The Auditor General last month recommended that the Victorian Government publish the data, but the government said no. The Auditor General said, “Reported performance of access does not represent the actual waiting experience of many patients.”

The government’s decision to hide the data is wrong on several grounds. It’s bad for patients, bad for doctors, and bad for the community as a whole.

First, if the government discloses how long my patient will wait, I can properly assess the alternatives. If I know that it will be twelve months until my patient can get an outpatient clinic appointment, I will look at other options.

There might be another hospital with shorter waiting times, and my patient could travel to another service. I suspect that many outpatient clinic lists are longer in the western suburbs than in the eastern suburbs – but I don’t know.

Access to our public hospitals should not be dependent on where you live. Knowing the data allows me to help the Victorian Government even out the demand.

If my patients are going to be waiting months for specialist care rather than weeks, I might be able to better manage their pain.
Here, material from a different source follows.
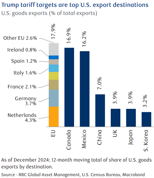 The European Union (EU) is finding itself in the crosshairs of a trade dispute with the United States. RBC Global Asset Management Chief Economist Eric Lascelles points out that although no individual European country is among its three largest trading partners, collectively the EU is the largest consumer of U.S. products and, at the same time, maintains a trade surplus with the U.S.— meaning the region exports even more than it imports.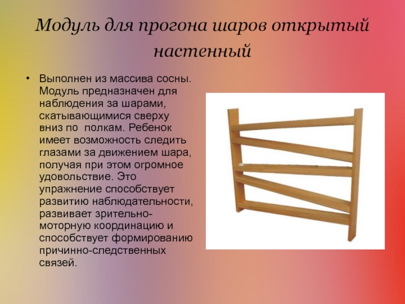 предназначен для наблюдения за шарами, скатывающимися сверху вниз по полкам. Ребенок имеет возможность следить глазами за движением шара, получая при этом огромное удовольствие. Это упражнение способствует развитию наблюдательности, развивает зрительно-моторную координацию и способствует формированию причинно-следственных связей.

Several pain medications lose effectiveness over time, and there is the threat of addiction from unplanned, prolonged use. Pain management for patients facing an uncertain wait is much more difficult, leading to poorer outcomes.
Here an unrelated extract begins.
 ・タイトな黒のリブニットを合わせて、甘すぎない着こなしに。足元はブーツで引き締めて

Like many Victorians, I am angry and disappointed that hospitals have been caught rorting the figures. But it is worth noting that the hospitals only manipulate part of the story, time to surgery from the time the patient gets to outpatient clinics. The clock needs to start when a GP determines that the patient needs specialist care.

Whatever the short term gains for the hospital, there is a long term deleterious effect on the community. Hospitals that manipulate data to make the figures look good mean that the real need is hidden - less money and less care.

The data manipulation is difficult to swallow, but the failure of the Brumby Government to accept the Auditor General’s recommendation to report hidden outpatient clinic waiting lists is worse.

Hopefully other states will learn from Victoria’s mistakes and pressure will be on all states to guarantee the integrity of their performance data and reveal the true extent of surgery waits.

The clock for waiting lists must start when patients are assessed as needing care – not weeks, months or years later.

We need the truth, and the whole truth. Only then can we have a sensible discussion about providing health care to the disadvantaged.